Abstract
Image registration is a fundamental task in medical imaging analysis, which is commonly used during image-guided interventions and data fusion. In this paper, we present a deep learning architecture to symmetrically learn and predict the deformation field between a pair of images in an unsupervised fashion. To achieve this, we design a deep regression network to predict a deformation field that can be used to align the template-subject image pair. Specifically, instead of estimating the single deformation pathway to align the images, herein, we predict two halfway deformations, which can move the original template and subject into a pseudomean space simultaneously. Therefore, we train a symmetric registration network (S-Net) in this paper. By using a symmetric strategy, the registration can be more accurate and robust particularly on the images with large anatomical variations. Moreover, the smoothness of the deformation is also significantly improved. Experimental results have demonstrated that the trained model can directly predict the symmetric deformations on new image pairs from different databases, consistently producing accurate and robust registration results.
1. Introduction
Computer models have become a usable method for solving biomedical engineering and are applied to the analysis and measurement of data in the biomedical field (e.g., material mechanical behavior measurement [1–4], medical image segmentation [5, 6], and registration [7–9]). Deformable image registration aims to align subject images onto a template space by gradually optimizing the spatial transformation fields consisting of voxel-to-voxel correspondences between template and subject images [10]. Deformable registration is a key procedure in clinical applications such as population analysis, longitudinal data analysis, and image-guided intervention. Many image registration algorithms have been proposed and applied to various imaging analysis tasks [7–9, 11–16]. Conventional registration algorithms achieve the task via typical optimization, which can be classified into either intensity-based registration [11–13] or feature-based registration [14–16]. In these methods, the deformation field is obtained by iteratively optimizing the image similarity metric with a smoothness regularization constraint.

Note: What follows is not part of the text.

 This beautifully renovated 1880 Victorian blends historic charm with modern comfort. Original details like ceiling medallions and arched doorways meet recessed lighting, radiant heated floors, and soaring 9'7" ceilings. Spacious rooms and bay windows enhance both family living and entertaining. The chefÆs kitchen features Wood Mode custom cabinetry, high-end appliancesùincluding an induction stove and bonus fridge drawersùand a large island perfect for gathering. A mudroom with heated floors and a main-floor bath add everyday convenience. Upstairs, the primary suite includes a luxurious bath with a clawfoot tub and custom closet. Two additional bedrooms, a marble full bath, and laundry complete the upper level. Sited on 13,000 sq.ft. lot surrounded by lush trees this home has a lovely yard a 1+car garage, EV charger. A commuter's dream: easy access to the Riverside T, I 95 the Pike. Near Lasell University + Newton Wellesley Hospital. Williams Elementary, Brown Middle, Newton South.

In recent years, deep learning has been widely applied in medical image analysis [17, 18]. And deep-learning-based registration methods have shown promising performance especially for efficiency, as the computational time can be significantly reduced from minutes to seconds. Since the ground-truth deformations are difficult to obtain in practice, some semisupervised [19] and unsupervised learning strategies [20–22] are more popular currently. Specifically, the spatial transformation network (STN) [23] is leveraged in the deep-learning-based registration framework so that the loss can be defined directly on the image similarity, instead of using ground-truth deformations as supervised information. When the model is well trained, in the application stage, the transformation field can be estimated for unseen image pairs, without the need for iterative optimization. Therefore, deep-learning-based registration is more flexible in real clinical use. Additionally, to further improve the registration accuracy, multiscale strategy [24, 25], diffeomorphic strategy [26], and inverse-consistent properties [27] are also incorporated in the deep-learning-based registration framework.

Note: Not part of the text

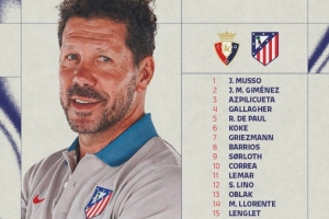 体育资讯5月15日讯 北京时间5月16日凌晨1:00,2024-25赛季西甲联赛第36轮,马竞将客战奥萨苏纳。赛前,马竞官方公布本场比赛球队大名单,阿尔瓦雷斯领衔锋线,德保罗&加拉格尔坐镇中场。

However, for the aforementioned registration algorithms, it is difficult to accurately register the images with large anatomical variation, and the smoothness is even difficult to preserve and constrain for large deformation. Thus, it is essential to develop an algorithm, which can effectively register the images with large anatomical variations and, meanwhile, keep the transformation field smooth, so that the topology can be well preserved. In addition, symmetric diffeomorphic registration has achieved better performance overall, which estimates symmetrical deformation pathway from two objects (template and subject) to the intermediate point instead of a single pathway from template to subject [13, 28]. Inspired by these methods, we hope to add a symmetric image registration strategy to the unsupervised model.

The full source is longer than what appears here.